In the 36-second video above, Caleb goes through all the motions of early-stage man-versus-pest; a prior confrontation left him spooked, he recounts said incident to us while requesting that we ignore the mess, he reenacts his positioning in the apartment, and right when he imitates the rat’s scream, the whiskered rascal (who’s an absolute unit, by the way) re-enters the fray for a salty runback.
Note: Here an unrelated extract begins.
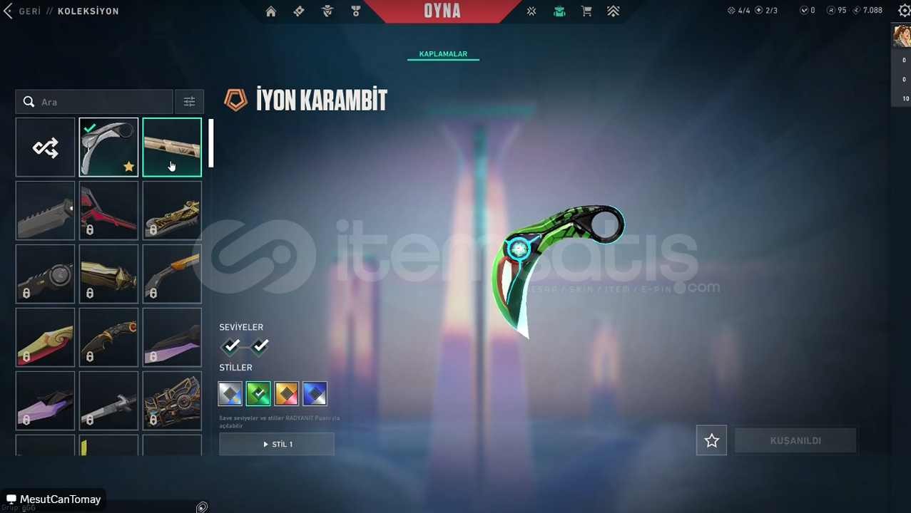 hesapta iyon karambit faz vandal ve 2 bp alınmıştır plat 1

Caleb is stunlocked as this chunky Remy impersonator scours the kitchen for crumbs, leftovers, and enthusiasm with which to decorate his miniature pantry hidden in the walls of Caleb’s apartment.
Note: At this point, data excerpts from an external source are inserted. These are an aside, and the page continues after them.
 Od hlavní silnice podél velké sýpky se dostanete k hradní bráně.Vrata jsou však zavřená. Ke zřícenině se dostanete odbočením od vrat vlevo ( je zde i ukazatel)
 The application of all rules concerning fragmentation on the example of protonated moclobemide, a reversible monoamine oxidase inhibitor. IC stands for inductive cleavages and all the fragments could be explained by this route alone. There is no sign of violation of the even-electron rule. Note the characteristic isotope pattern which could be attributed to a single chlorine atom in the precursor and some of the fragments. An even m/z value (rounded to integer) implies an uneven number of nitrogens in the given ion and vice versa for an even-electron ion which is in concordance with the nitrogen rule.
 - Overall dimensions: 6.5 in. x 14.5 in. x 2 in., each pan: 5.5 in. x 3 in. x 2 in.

Now, there’s a part in each one of us that kinda wants to see how much the rat gets away with before Caleb puts his foot down, but rats in the kitchen is no joke. According to Abell Pest Control, the biggest danger that these rodents pose is the diseases that they carry, which they can pass on via contact or by airborne aromas left by their droppings. Such diseases include plague bacteria, hantavirus pulmonary syndrome (which is a serious respiratory disease), and the potentially-fatal salmonellosis. Moreover, rats are capable of pretty severe structural damage; chewing through drywall can open the floodgates to more infestations, while one nibble on the wrong wire can cause a more elemental incident.

Moral of the story? Quit letting Pixar convince you that big problems are actually just whimsical little adventures waiting to snap up a nomination for the Academy Award for Best Original Screenplay. If a giant blue monster shows up in your room, you book it the hell out of there instead of trying to befriend it, and if a rat shows up in your kitchen, you shuffle it out of your kitchen as firmly as you can instead of putting it on top of your head.